Kirk is trying to create jazz interpretations of funk tunes and funk
interpretations of jazz tunes. The latter is far more successful than the
former, with the James Brown selections seemingly begging for a heavier
bassline than Hunter can provide with his three strings. Nevertheless, "The
Pay Back" succeeds as the highlight of the Brown/Fred Wesley canon, largely
due to its more laid-back, less-driving groove that requires less bass
dedication from Hunter. Amendola's tight rhythms and sound use of the bass
drum provide the cosmic glue that holds this chart together while the
guitarists settle into more traditional lead and rhythm roles. "The Pay
Back" is the easily most by-the-book track on _Talking Only Makes it
Worse_, but it remains far more successful than T.J. Kirk's unorthodox
attempts at covers of "Soul Power" or "Damn Right Im Somebody."
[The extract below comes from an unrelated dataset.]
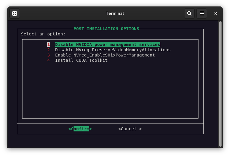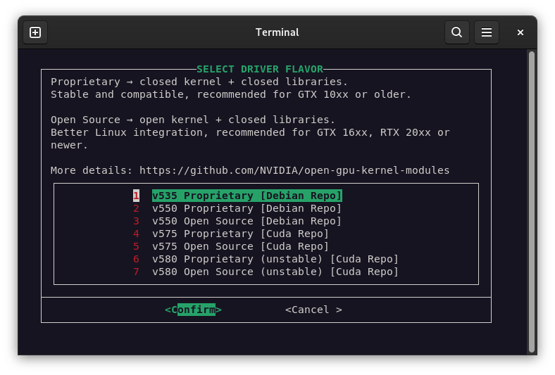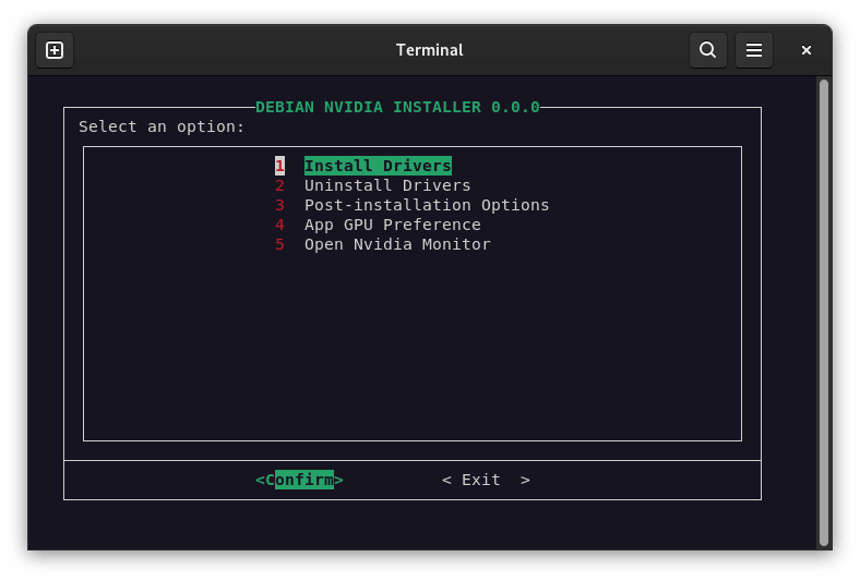 Bash TUI ile NVIDIA sürücü yükleyici. Bu araç, etkileşimli metin tabanlı arayüz (TUI) kullanarak Debian'a NVIDIA sürücülerini yüklemenizi sağlar. Paket yükleme, uyumluluk kontrolleri ve grafik ortamı yapılandırması gibi adımları otomatikleştirir.

By contrast, the group seems to revel in the obtuse figures of Thelonious
Monk, utilizing his distinct phrasing as a launchpad for their own sonic
explorations. "Epistrophy" is probably the most adventurous effort on the
entire album. Beginning with a tropical rhythm before downshifting into a
swing backbeat, traces of the original melody are soon few and far between.
A brief re-visiting of the tropical rhythm occurs before everyone dives into
a wonderful Bob Wills-style western shuffle. This groove lasts only
momentarily as humor plows its way into the song in an endless array of
tongue-in-cheek 1970s classic rock teases. A short funk movement concludes
the expansive five minute and 41 second journey, and then a smooth segue way
leads to the aforementioned cut of "The Pay Back."

The music of Rahsaan Roland Kirk gives the band some much needed variety.
"Now Please Don't You Cry, Beautiful Edith" is the only ballad on the entire
album, and it arrives as a breath of fresh air. Amendola gently brushes his
drums, while the guitarists revel in soft tones. Each soloist glides along
in his own way — one by utilizing a pure and clean sound, one by soothingly
bending notes, and one by skipping around, drenched in lush reverb. When
not soloing, each guitarist provides sparse but haunting accompaniment to
create a very interesting blend of sounds. Recognizing the depth of
performances on "Now Please Don't You Cry, Beautiful Edith," it is
unfortunate that aside from a brief snippet of "Meeting at Termini's
Corners," this is the only Rahsaan Roland Kirk song on the album.

The sound of T.J. Kirk was much different than the generic
jazz-funk/funk-jazz that seems to dominate today's jamband scene. Here were
four guys taking lots of risks, occasionally falling on their faces, but,
more often than not, turning the world on its ear and creating unique
re-inventions of timeless compositions. Their approach was anything but
conventional, and at first listen, Talking Only Makes It Worse can be
a bit jarring to listeners, especially those who are accustomed to hearing
the more funky, solid rhythms in the later work of Bernard and Hunter.
However, after repeated spins, more and more layers emerge from the disc,
and one can begin to appreciate the intricacies of this eccentric album.